Глаза мгновенно заполнили слёзы, вот-вот готовые хлынуть бурным ручьем, но я сдерживалась из последних сил, кусая губы, чтобы не заплакать при нём. – Каково мне выслушивать все её ядовитые нападки? Каково терпеть унижения? Хотя бы раз… – я запнулась, захлебываясь эмоциями, не сумев договорить то, что хотела. В горле встал удушающий ком, не дававший произнести ни слова.

Максим же, явно не ожидавший такого эмоционального ответа, растерялся и неосознанно ослабил хватку на моей руке. Я воспользовалась этим и, резко вырвав её, бросилась бежать наверх, прочь от него. Я не желала, нет, просто не могла продолжать разговор. Я слишком устала, чтобы что-то доказывать тому, кто не хочет принимать мою точку зрения, кто упрямо закрывает глаза на правду.

***

Мы с братом обычно не ругались открыто, избегали конфликтов. Но и в хороших отношениях не были. Всё-таки мы были по разные стороны баррикад: он за мать, я за отца. Непримиримые противники.

Максим в целом был человеком неоднозначным, полным противоречий – вот в один момент сочувствует и искренне переживает, а в другой бесчувственно наблюдает со стороны. В школе он строил из себя идеального, примерного ученика, серьёзного и мудрого не по годам, а дома порой вёл себя как напыщенный индюк, несносный и заносчивый. Уж очень он любил меня поучать, о том, как правильно себя вести. Иногда было забавно наблюдать за эти театральным представлением, а иногда невероятно бесило.

Однако к Максиму я ненависти не питала. Я просто не могла постичь, что творится в его голове.
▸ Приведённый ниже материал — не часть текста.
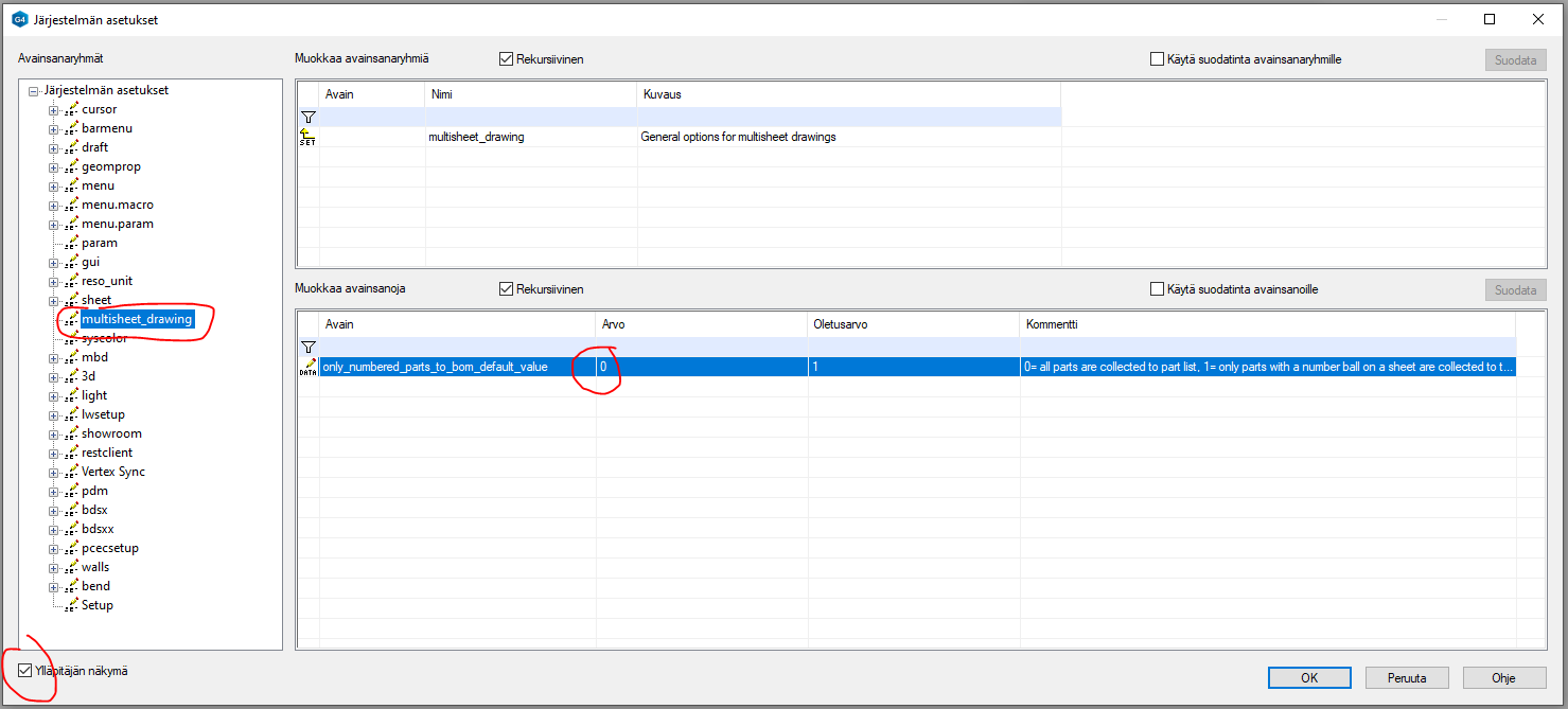 File/Tiedosto → Järjestelmäasetukset → Muokkaa. Raksi päälle Ylläpitäjän näkymä vasemmasta alakulmasta ja valitse “multisheet_drawing”. Anna avainsanalle “only_numbered_parts_to_bom_default_value” arvoksi 0. Tallenna asetuarvon muutos OK:lla ja uudelleenkäynnistä G4.

Он, наверняка, думал так же про меня.

Родные по крови, мы были абсолютно чужими друг для друга – разные увлечения, разные характеры, разное мировоззрение. Хоть у нас всего год разницы, между нами разверзлась широкая бездонная пропасть, которую никто из нас даже не пытался преодолеть.

Он был непоколебимым рыцарем матери, всегда на её стороне, оправдывая любой её поступок, каким бы чудовищным он ни был. Но при этом, я бы не сказала, что он пылал к ней сильной любовью. Его забота была невидимой, если вообще существовала, я никогда не видела ни единого тёплого жеста с его стороны. Но отчего нам – детям, что не знали любви – разбираться в истинных проявлениях заботы?
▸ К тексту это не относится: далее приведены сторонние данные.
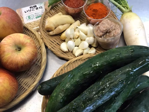 原材料 初夏白菜 りんご ニラ 自然塩 新にんにく 新生姜 無農薬韓国唐辛子 アミの塩辛 糀 味噌 ゴマ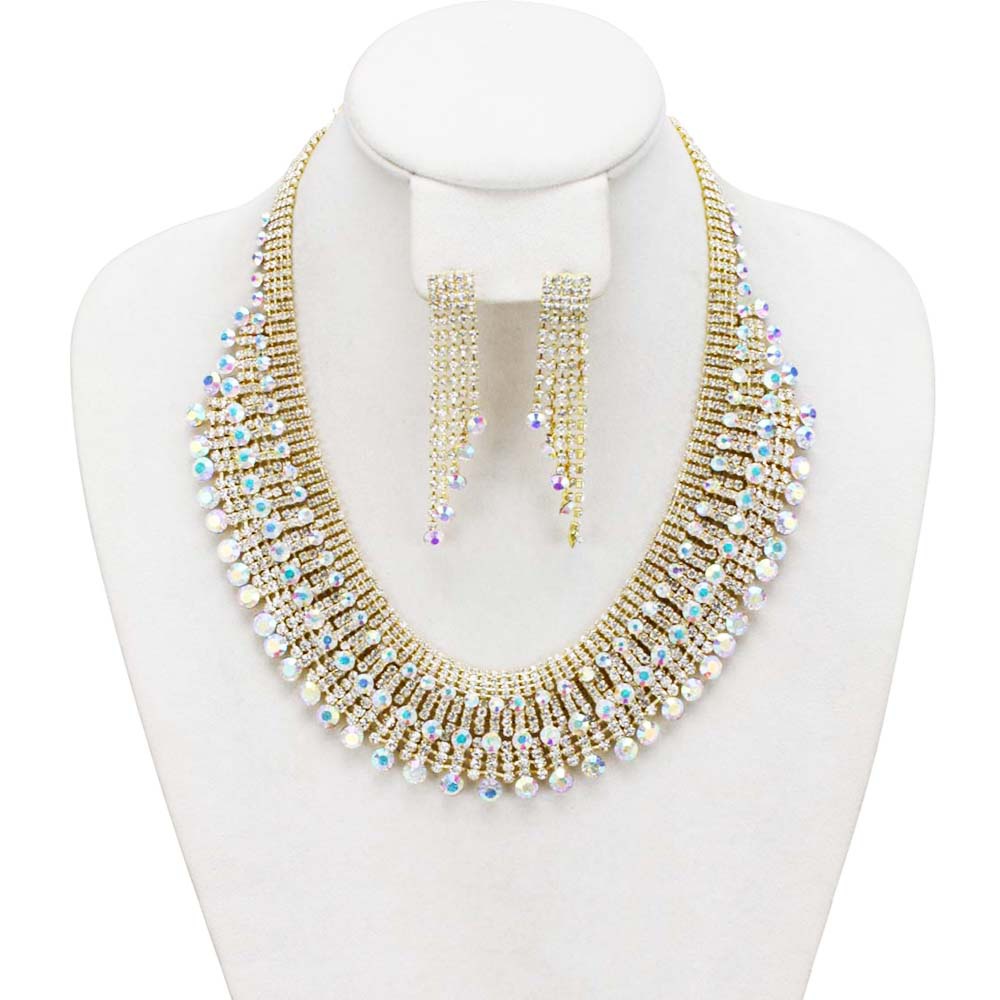 3 Tiered Rhinestone Color Gradient Necklace And Earrings Set

Как бы то ни было, Максим никогда, ни разу за меня не вступался, оставаясь безмолвным зрителем моей боли. Он всегда закрывал уши на мои оправдания, презирал все мои отчаянные попытки защитить себя в бурных словесных баталиях с матерью. Его стандартная фраза, произнесённая с ледяным равнодушием, всегда била больнее всего: "Неужели ты не могла промолчать?" Будто это я была источником всех бед, а не мать – главный зачинщик всего ада. Он просто не мог, или не хотел, понять мою глубокую, разъедающую боль, как я страдала, будучи постоянным козлом отпущения, мишенью для её гнева. Единственное, что его волновало – это нерушимое собственное благополучие, его личный покой. К нему-то мать никогда не цеплялась, он был неприкосновенен. Максима, в конце концов, понять можно. Он просто хотел, чтобы эти бесконечные, выматывающие скандалы прекратились. Прямо как и я.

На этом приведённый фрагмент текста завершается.